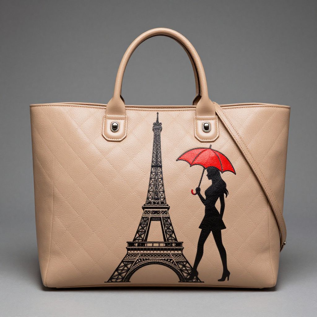 Camel-colored Chanel Caviar Leather Quilted Tote Bag featuring a detailed Eiffel Tower illustration and a silhouette of a woman holding a vibrant red umbrella, complemented by a crossbody strap and dual top handles.
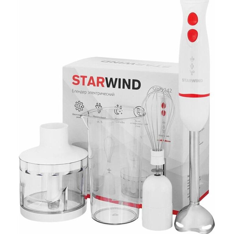 Блендер погружной. Мощность 500 Вт, Количество скоростей/режимов 2, Материал погружной части нержавеющая сталь, Материал ножей нержавеющая сталь, Насадки в комплекте, Измельчитель, Венчик для взбивания, Мерный стакан, Электропитание от сети, Материал корпуса пластик, Цвет белый/оранжевый, Гарантия 12 мес.
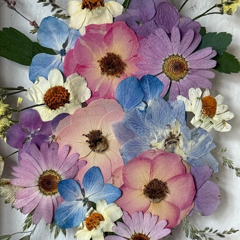 Použité květiny a rostliny jsou skutečné, ručně sbírané a šetrně lisované, aby si zachovaly svou přirozenou strukturu, jemnost i barevnost. 🌿 Následně jsou s citem aranžovány do jedinečné kompozice – každý obraz je originál, žádné dva kusy nejsou stejné.
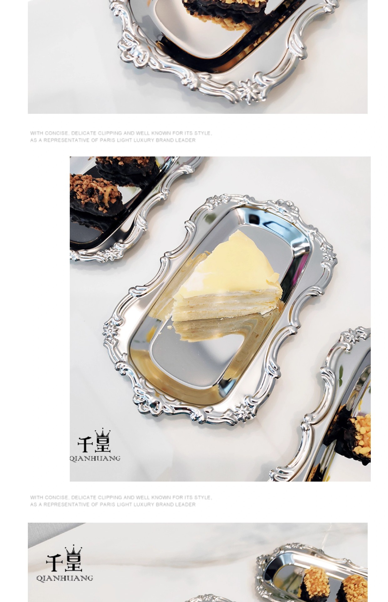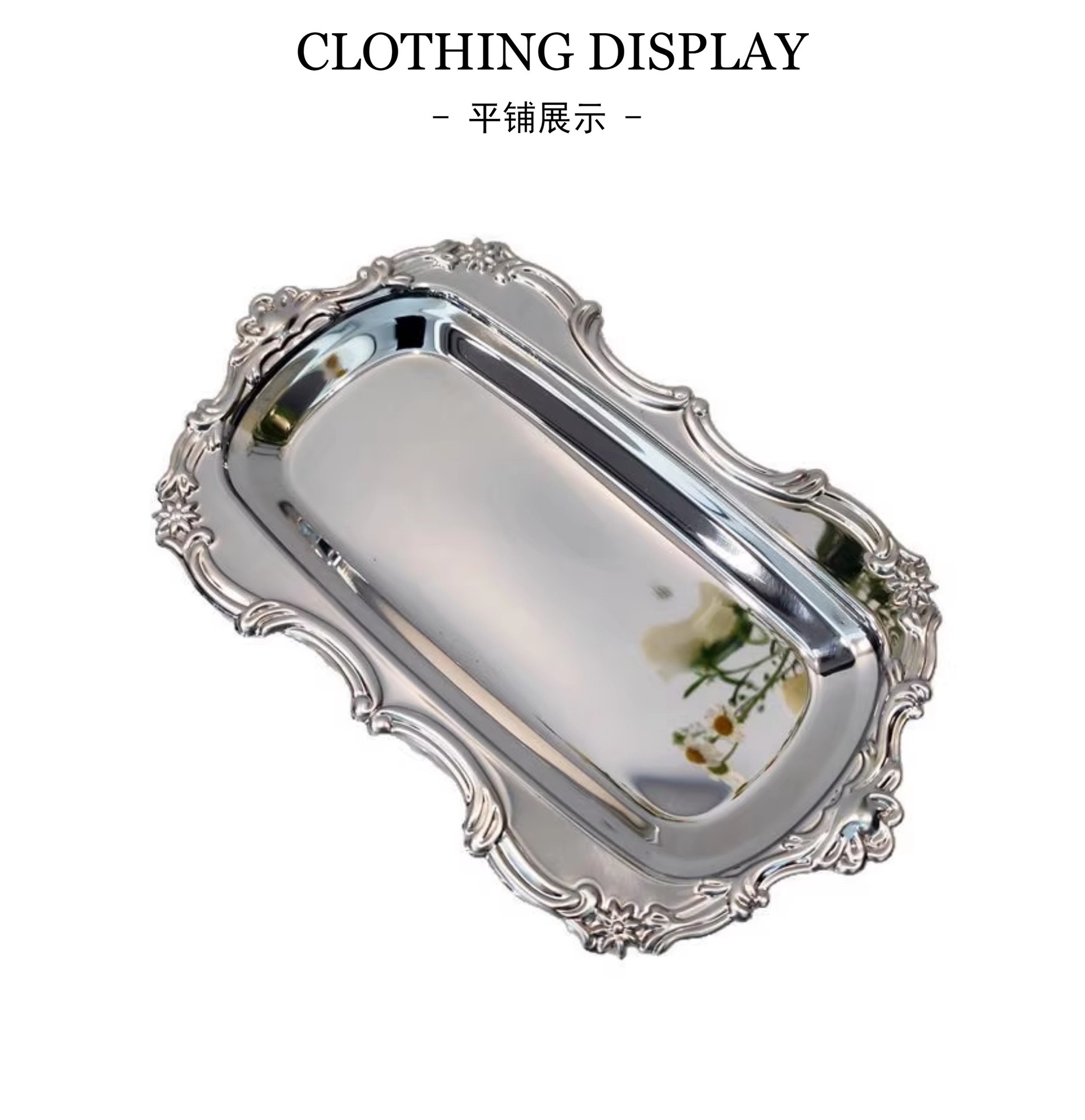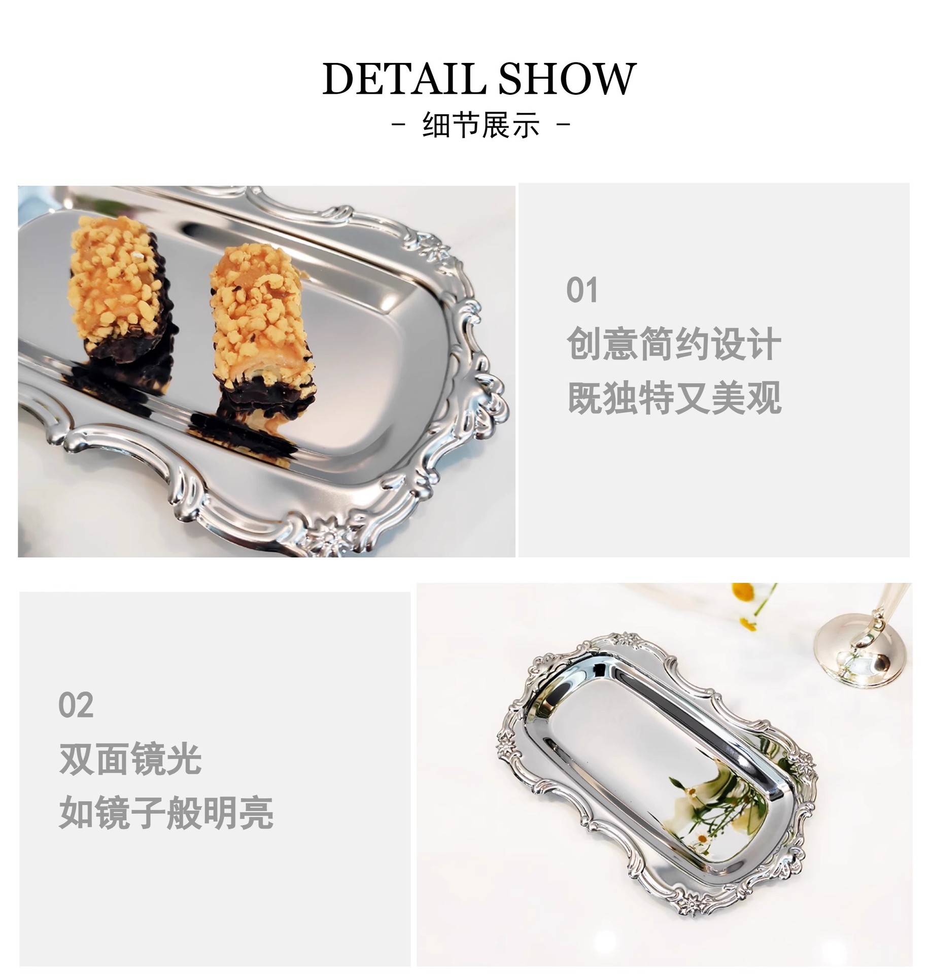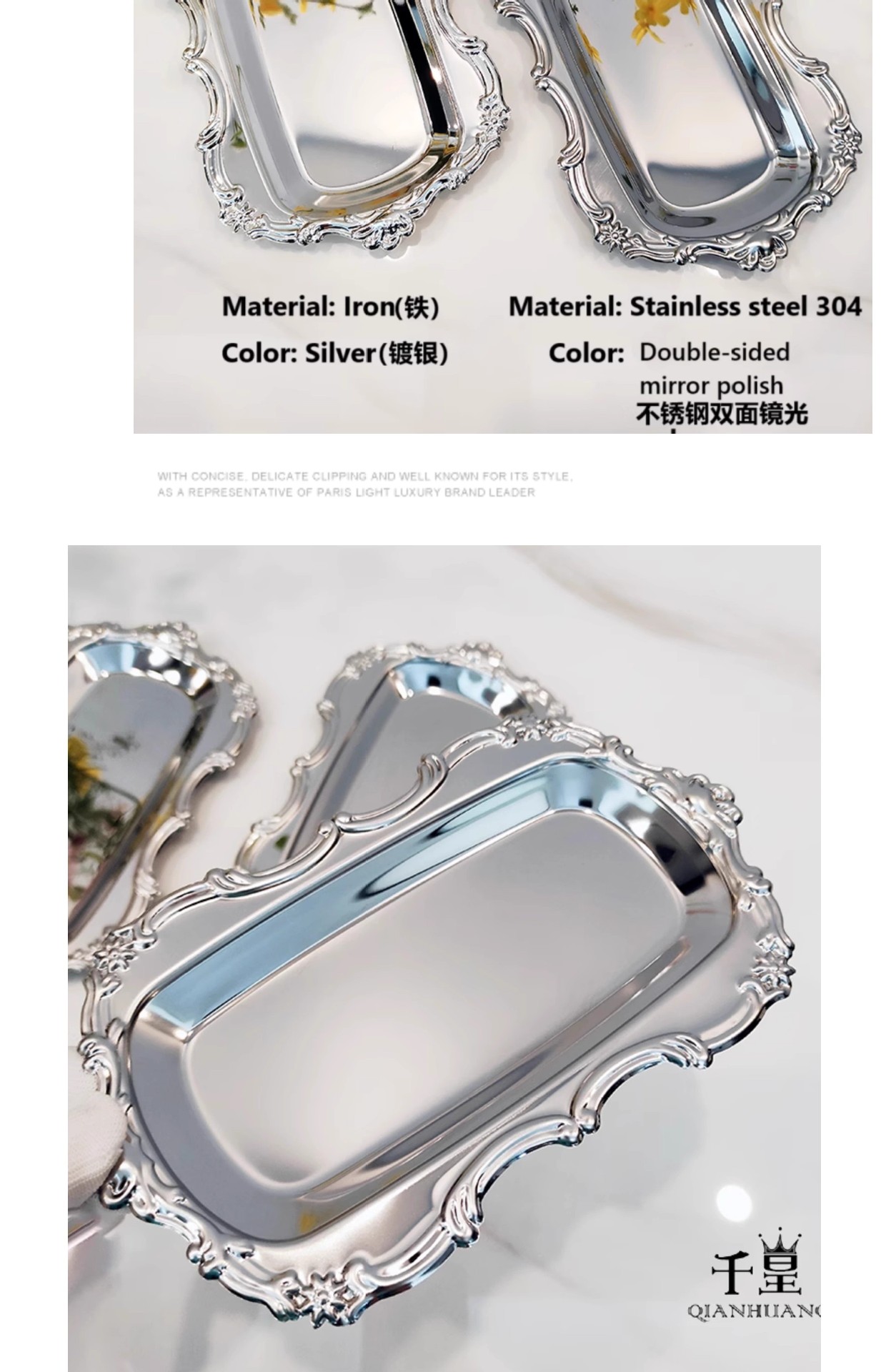 유럽 스타일의 가벼운 럭셔리 Ins 스테인레스 스틸 미러 애프터눈 티 케이크 접시 사진 소품 보석 트레이 타월 접시
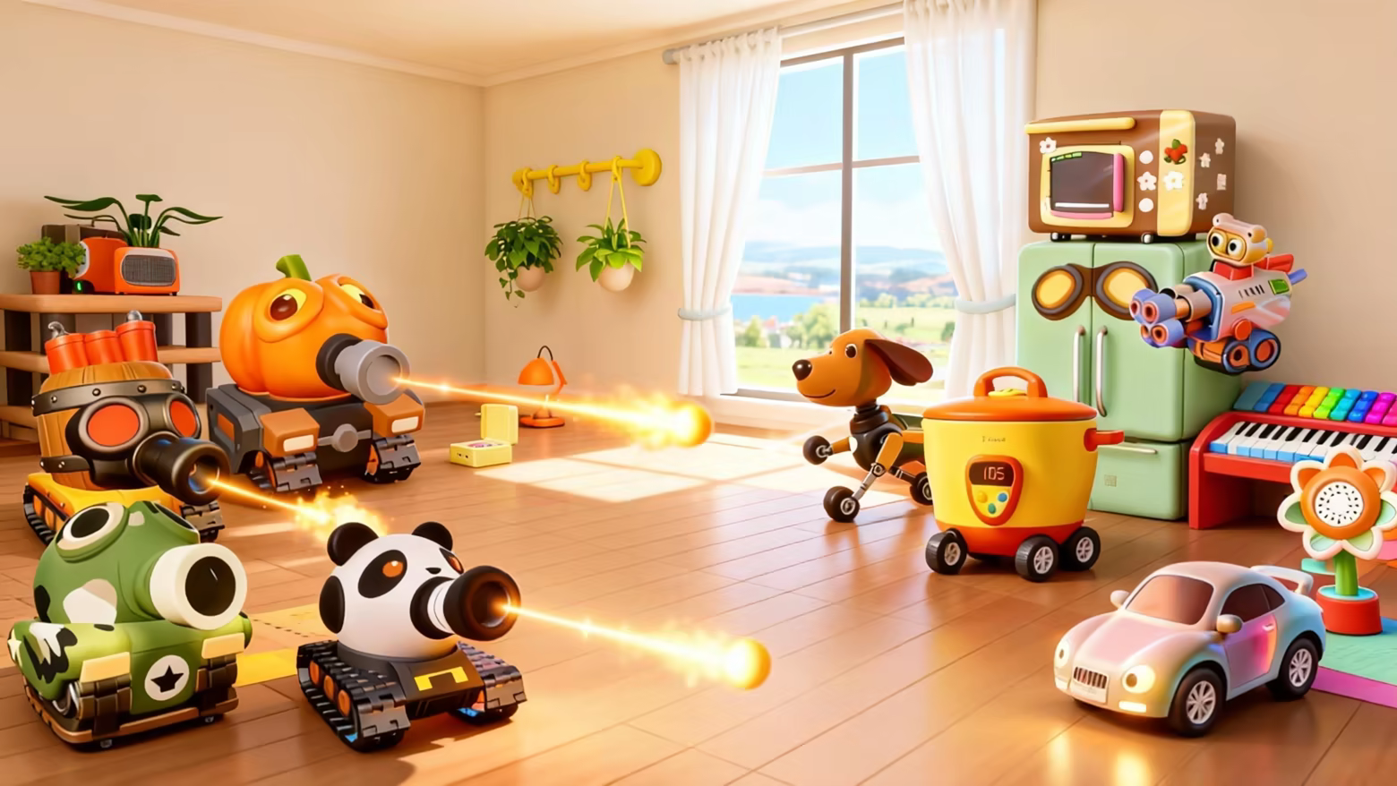 'Tank Battle' is a 1v4 asymmetrical combat game. In the game, you can play as a rogue AI with a god's-eye view, controlling household appliances to set traps everywhere; or become an awakened toy tank, defending your home and collaborating in battle. The epic fight is about to begin!

# # # # #

=== PROBLEM TO WORK ON ===
Images are to be left out when the records above are written out again exactly.

=== OUTPUT ===
 Camel-colored Chanel Caviar Leather Quilted Tote Bag featuring a detailed Eiffel Tower illustration and a silhouette of a woman holding a vibrant red umbrella, complemented by a crossbody strap and dual top handles.
 Блендер погружной. Мощность 500 Вт, Количество скоростей/режимов 2, Материал погружной части нержавеющая сталь, Материал ножей нержавеющая сталь, Насадки в комплекте, Измельчитель, Венчик для взбивания, Мерный стакан, Электропитание от сети, Материал корпуса пластик, Цвет белый/оранжевый, Гарантия 12 мес.
 Použité květiny a rostliny jsou skutečné, ručně sbírané a šetrně lisované, aby si zachovaly svou přirozenou strukturu, jemnost i barevnost. 🌿 Následně jsou s citem aranžovány do jedinečné kompozice – každý obraz je originál, žádné dva kusy nejsou stejné.
 유럽 스타일의 가벼운 럭셔리 Ins 스테인레스 스틸 미러 애프터눈 티 케이크 접시 사진 소품 보석 트레이 타월 접시
 'Tank Battle' is a 1v4 asymmetrical combat game. In the game, you can play as a rogue AI with a god's-eye view, controlling household appliances to set traps everywhere; or become an awakened toy tank, defending your home and collaborating in battle. The epic fight is about to begin!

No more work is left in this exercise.